Design Principles

Axiom design is based on several principles, requirements and early design decisions.

The goal of Axiom is modeling of data in extensible, web-friendly applications. Axiom can be used to create a data model of a particular application, usually a reusable software product. Axiom is designed for reuse of existing data model components inside an application. Axiom data models can be made extensible by third parties, allowing customization of the data model by application users. Axiom is designed for use in applications that are completely schema-aware, applications that can iterate over the data, interpret them dynamically while being aware of data types and definition of all the items. Axiom is designed quite specifically for application developers. It is not meant to be yet another universal "schema language" for the web.

Axiom is used to model (abstract) data structures. Axiom is format-independent. Data modeled by Axiom can be represented in several data languages, such as JSON or XML. But Axiom is not bound to any such language.

Data modeled in Axiom can be expressed in several representation languages. But this does not work both ways. There is no ambition to be able to model any arbitrary JSON data in Axiom. There is no ambition to parse any arbitrary XML file. Only "Axiom-compliant" data structures can be processed.

Axiom is web-friendly, it is designed with World Wide Web in mind. That means, Axiom should be easy to use for data on the web such as RESTful interfaces, semantic web and linked data. Axiom is using namespaces identified by URIs. Axiom is using qualified names (QName) for data types and items, providing mapping of QNames to URIs. Overall, Axiom is trying to reuse existing web concepts as much as possible to fit into the WWW environment.

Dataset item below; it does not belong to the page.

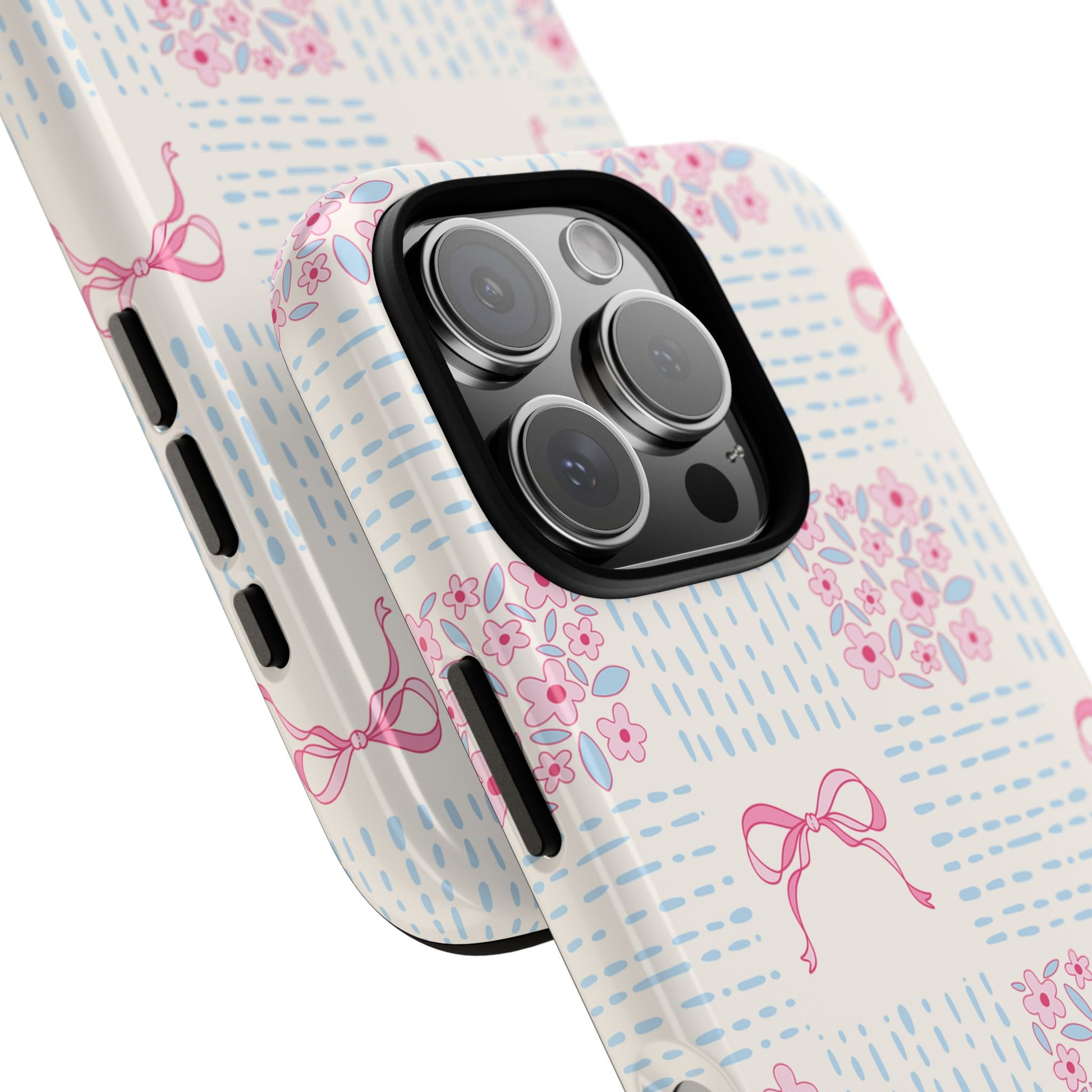 Bring vintage-pretty charm to your everyday with this personalized grandmillennial phone case! The design features a patchwork quilt-inspired pattern with pink floral blocks, blue stitched detailing, and sweet pink bows on a soft cream background—finished with your custom initials/monogram for that polished, preppy look. Perfect for coquette lovers, cottagecore fans, and anyone who loves classic feminine style.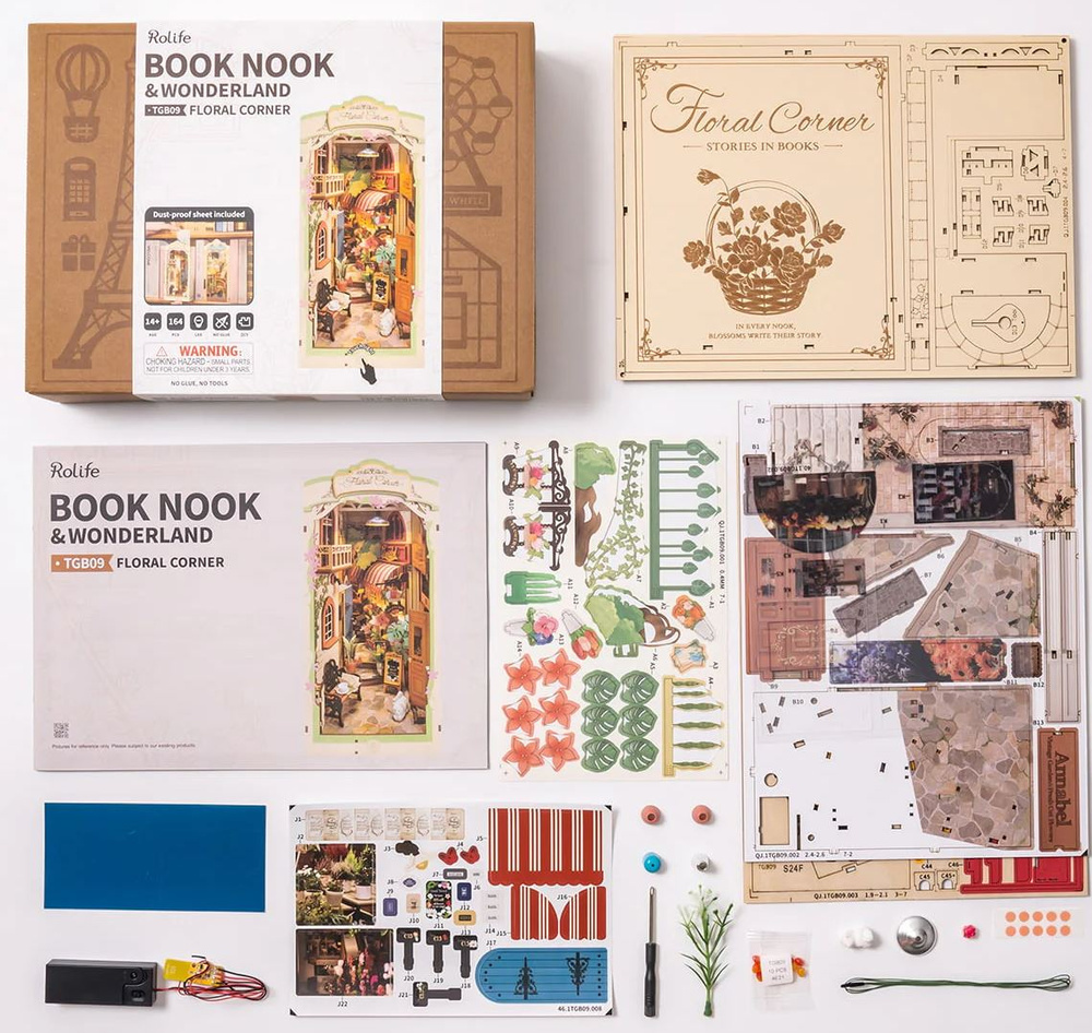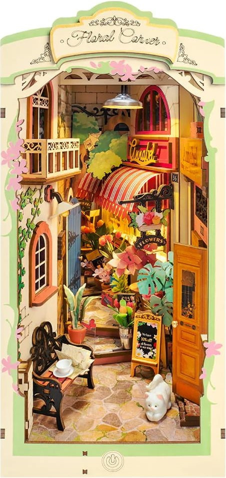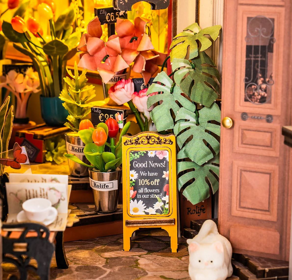 Zestaw umożliwiający złożenie miniaturowej kwiaciarni z oświetleniem LED. Do budowy modelu wykorzystano między innymi drewno, papier, tkaniny, drut, tworzywo sztuczne oraz różne elementy dekoracyjne takie jak: kolorowe ozdoby, cekiny, koraliki, sztuczne kwiaty oraz wiele innych materiałów. Dodatkowego uroku nadaje całości oświetlenie LED, dzięki któremu księgarnia może pełnić rolę nastrojowej dekoracji lub lampki nocnej. Opakowanie oprócz czytelnej, obrazkowej instrukcji zawiera także baterie, pędzelek, farby akrylowe, przezroczysty, bezwonny klej oraz pęsetę ułatwiającą montaż małych elementów. Budowa tego modelu pomoże rozwinąć zdolności manualne i przyniesie dużo satysfakcji.

Axiom is built to be human-friendly - to a reasonable degree. Axiom should be easy to read, write and understand by humans, at least those humans that have spent some time learning Axiom. Axiom tries to limit the boilerplate and ceremony to necessary minimum. Of course, the primary goal for Axiom is to be machine-processable. Therefore it must be unambiguous, as close to minimalism as possible and so on. But humans are going to read and write Axiom models and data. Therefore the language should also be pleasant, readable and elegant. Axiom should consider human aspects of data modeling, e.g. support for integrated documentation. We have no ambition to make Axiom super efficient for binary processing, we do not optimize the language for parsing speed and so on. We create Axiom for human users.

Axiom natively support concepts of data model evolution. Data models are not static. They evolve, change in time. Some changes are compatible, other are not. Axiom is built to allow for such evolution.

Axiom is designed to create cross-domain schemas. Which means that Axiom schemas can be composed of models that originated in different domains, authored by different organizations. Axiom supports reuse and extension of schemas that are created by others.

However, Axiom is not designed for applications that adopt an open world paradigm. I.e. applications that work with data models that can be extended in any way, at any time, without requiring human intervention. Semantic web applications are a prime example of such approach. Axiom design trade-offs are made in favor of extensible applications, e.g. the ability to generate code from data model is much more important than smooth support for open world. We hope that Axiom could still be used in open world systems or at least for interaction with such systems. But such use may not be entirely easy or comfortable.

Axiom is a data language. However, it is designed to support generation of type-safe code. For example, it should be possible to express Axiom data types using Java classes. The generated code should look reasonably natural in wide range of programming languages, but the primary focus are statically-typed object-oriented languages.

Axiom is designed to support metadata and other cross-cutting concerns in data modeling. For example Axiom supports annotations for incomplete or unknown data.

Axiom is designed to be extensible language. Frameworks can extend the language capabilities to introduce their own data modeling concepts, add annotations and so on.

Axiom assumes that all models for all data will be available eventually. But that does not mean that all the models are available at the time when data are parsed. Some parts of the data are dynamic, they may be parsed without knowledge of the model. The model may be determined at runtime using complex algorithms based on parsed data and environment. The models may also be retrieved on demand. Therefore Axiom processors should be able to parse data partially (or as raw data as we call it) and apply model definitions later. However, Axiom assumes that such raw data will not be used until appropriate model is applied. All that Axiom can do with raw data is parsing them and storing them in their original form (without any modification). Full model is needed to use the data, interpret them and modify them.

Axiom is developed in an incremental fashion. The focus is on practical use and overall usefulness of Axiom. We are paying a lot of attention to make sure that the basic principles of Axiom are correct and consistent and that Axiom can evolve in the future. However, first versions of Axiom are not going to be perfect. It will be limited and there may be mistakes that need to be corrected in the future. However, Axiom can be validated only by practical use of the language in prototypes and real-world implementations. Therefore the primary goal of Axiom effort is to allow for such implementations to allow Axiom to continually improve.